Autor:  wordeck [ 22.cze.2005 10:47:37 ]
Tytuł: 

Jeśli nie chcesz zarabiać, tylko zrobić to zdecyduj się na serwis. Zaraz zaczną inaczej gadać, bo biorą dolę od zleceń - może nawet coś się uda wcisnąć do naprawy "przy okazji". Zapłata jest zwykle bezpośrednio przelewem, więc bezgotówkowo - możesz tego wymagać. Pozdrawiaml

Autor:  martab99 [ 22.cze.2005 12:36:23 ]
Tytuł:  Re: HDI SAMOPOMOC - banda kretynów - POMOCY ! ! !

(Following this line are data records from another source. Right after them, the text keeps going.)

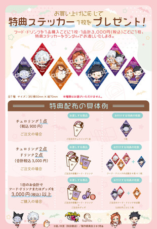 ・コラボメニュー1点ご購入につき1枚、及びお会計3,000円(税込)ごとに1枚、特典ステッカー(全7種)をランダムでプレゼントいたします。
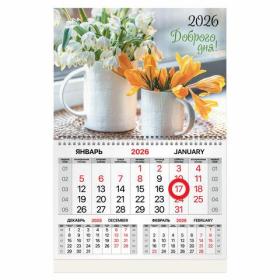 Календарь квартальный 2026 г., 1 блок, 1 гребень, магнитный курсор, мелованная бумага, BRAUBERG, "Люпины", 116915
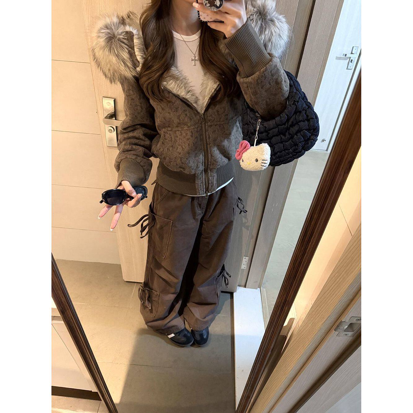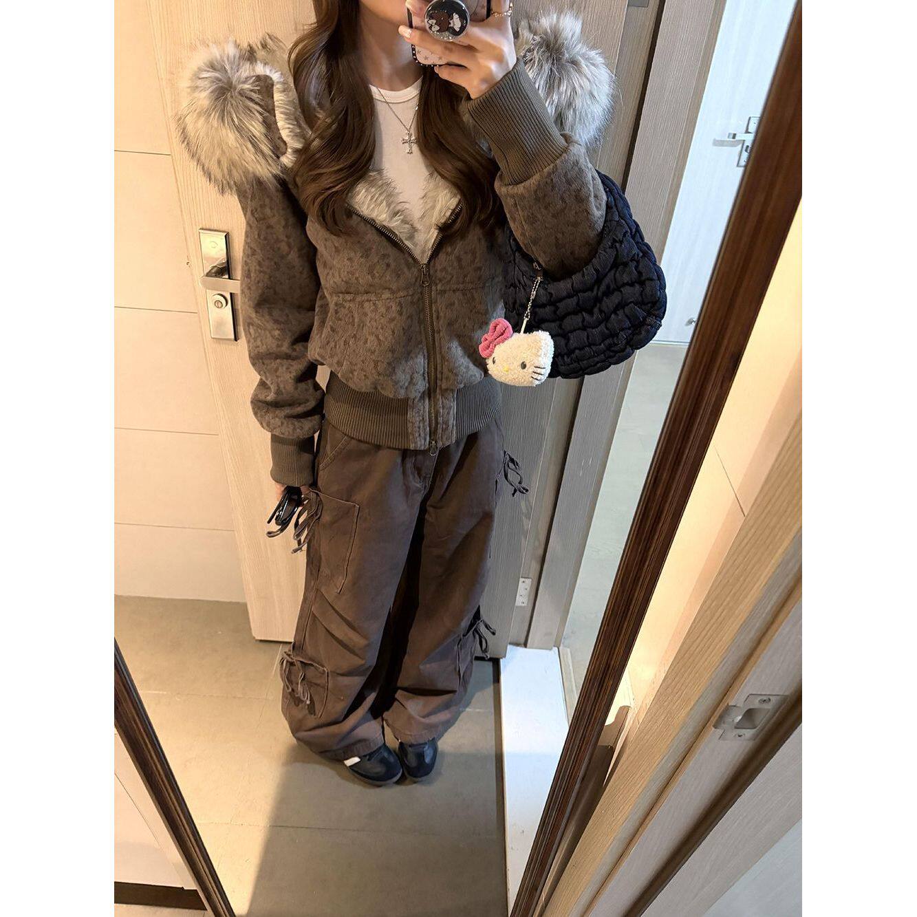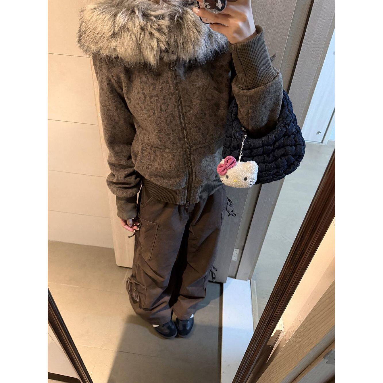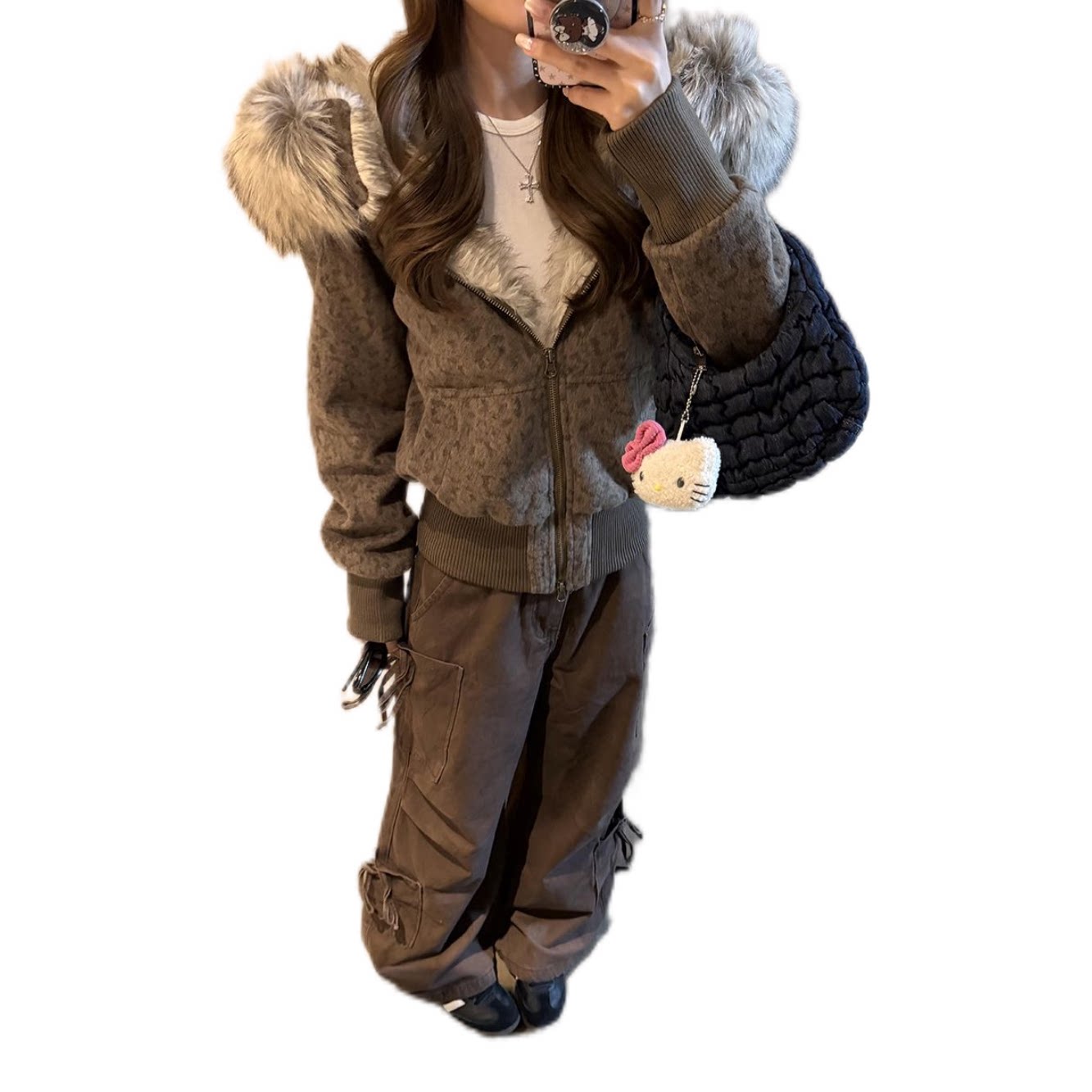 韩系复古豹纹毛领连帽外套女冬季新款小众设计感高级修身休闲外套
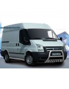 Defensa delantera negra CE con traviesa central y protección de bajos con parrilla para FORD TRANSIT AUTOCARAVANA 2006-2014
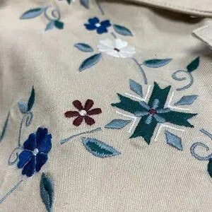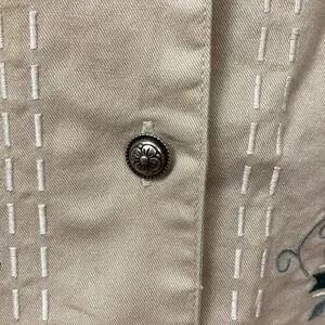 Beautiful embroidery on the chest. Silver tone floral buttons.
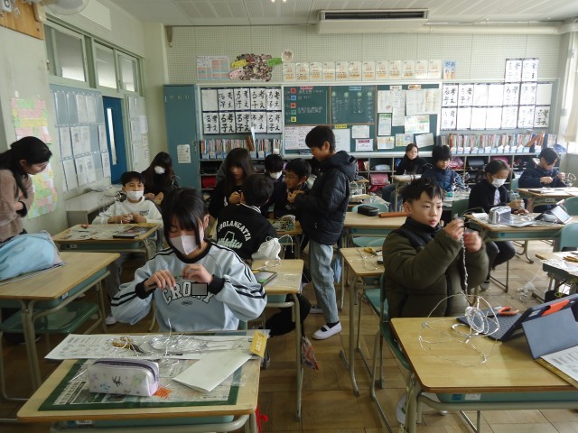 5年生の図工では、針金を使った工作をしています。
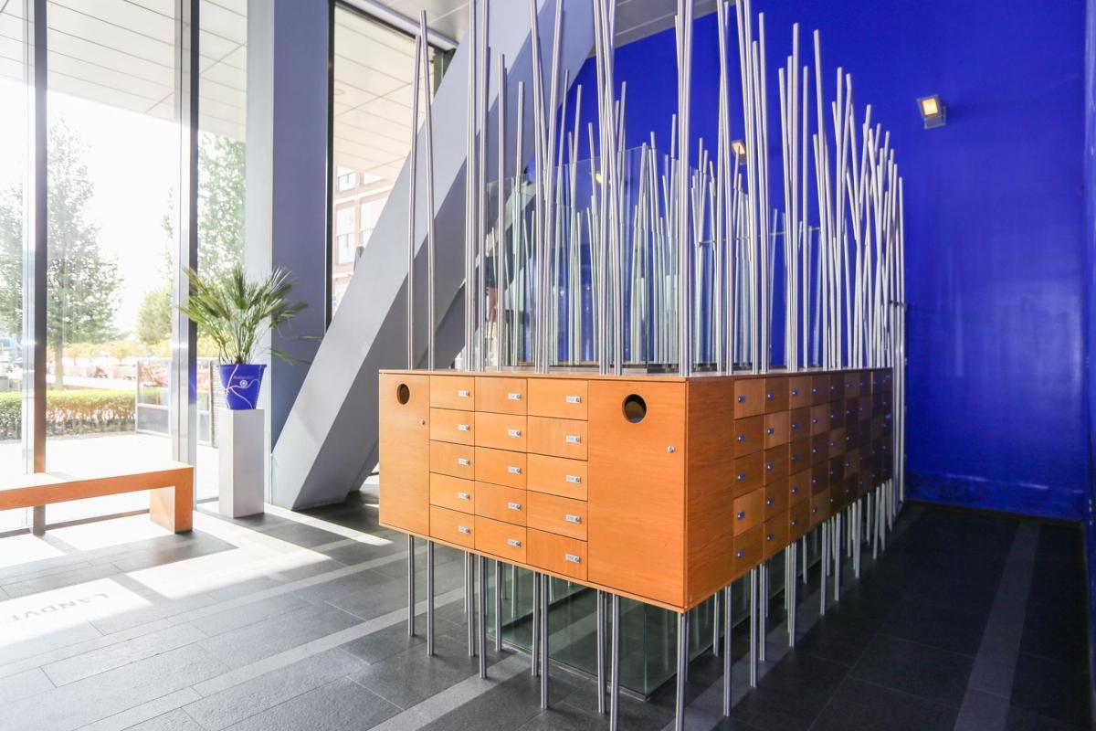 Centrale afgesloten hal met videofoon, brievenbussen en liftinstallatie.
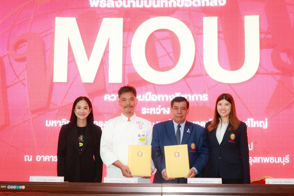 เมื่อวันที่ 21 เม.ย. ที่อาคารศูนย์ปฏิบัติการการโรงแรมและการท่องเที่ยว ชั้น 2 มหาวิทยาลัยกรุงเทพธนบุรี ศาสตราจารย์ (พิเศษ) ดร.ดวงฤทธิ์ เบ็ญจาธิกุล ชัยรุ่งเรือง ให้เกียรติเป็นประธานในพิธีลงนามในบันทึกข้อตกลงความร่วมมือระหว่างมหาวิทยาลัยกรุงเทพธนบุรี (มกธ.) กับ “เชฟตง” คุณวรเจตน์ เจริญวงศ์ใหม่ ประธานค่าย Junior Chef Camp ตามโครงการกิจกรรม “Junior Chef Camp” เพื่อเสริมสร้างองค์ความรู้ ส่งเสริมการศึกษา และการพัฒนาทักษะด้านการทำอาหารให้กับเยาวชนรุ่นใหม่ รวมทั้งกระตุ้นให้เยาวชนนักเรียน นักศึกษาหรือบุคคลที่สนใจเข้าร่วมในกิจกรรม “Junior Chef Camp” ด้วย
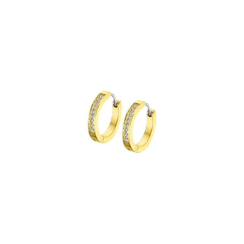 Boucles d'oreilles LOTUS en acier doré avec strass. Système crochet.
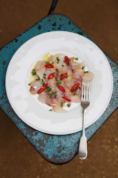 Drizzle over the lemon juice and olive oil. Scatter over the marjoram and chilli, and finely season with salt. It is important to season the fish well, for this is what will bring the dish to life – not too little but definitely not too much. Serve at once.

Stary, ja wczoraj bylem na ogledzinach w Warcie po tym, jak panienka wjechala mi w drzwi. Wyszedl koles, zaczal ogladac auto i zaraz stwuerdzil, ze jest powypadkowe i elementy sa malowane ( przy kupnie sprawdzalem w ASO i mam papier ze nie bylo naprawiane powypadkowo, wszystkie elementy sa oryginalne oprocz tylnego zderzaka i wszedzie jest oryginalny lakier).
Nie wdawalem sie z głąbem w dyskusje, pokiwalem glowa i czekam az przejdzie wycena ( naprawa+ lakierowanie drzwi)
Moja rada: jesli nie chcesz wyciagnac paru zlotych lub nie masz zaprzyjaznionego blacharza/lakiernika to nioe szczyp sie, tylko jedz do ASO

Autor:  kubus [ 22.cze.2005 13:49:20 ]
Tytuł: 

Panowie
Jest taka firma ktora zajmuje sie takimi ubezpieczalniami "krzak".
http://www.odszkodowania.info/
Z tego co wiem to biorą od tego od 10% do 20% ale nie ma problemu zeby jakakolwiek szkode ubezpieczyciel rozstrzygnął na wasza niekorzyść.
Proponuje poczytać i zadzwonić.
Na pewno pomogą. (testowane) :diabel:

Autor:  lukanio [ 22.cze.2005 20:40:34 ]
Tytuł: 

Tez mialem takie przejscia samopomoca. Moge ci powiedziec tyle ze za zbity kierunek, reflektor, zderzak, kawaleczek maski i blotnika dawali mi 1500 zloty i koniec. Jak mnie juz wku****i to powiedzialem ze wstawiam samochod do serwisu na co gosciu powiedzial ze jest za stary i nie moge. Wysmialem go i powiedzialem ze zrobie wycene o niezaleznego rzeczoznawcy (liste takich masz w urzedzie komunikacji) i zrobie im sprawe to troszke sie obsrali i na zgode dorzucili mi jeszcze 1000 zl. Za te pieniazki chociaz pomalowalem sobie caly samochod bo akurat zderzak i lampy mialem w piwnicy przygotowane do zalozenia na wakacje.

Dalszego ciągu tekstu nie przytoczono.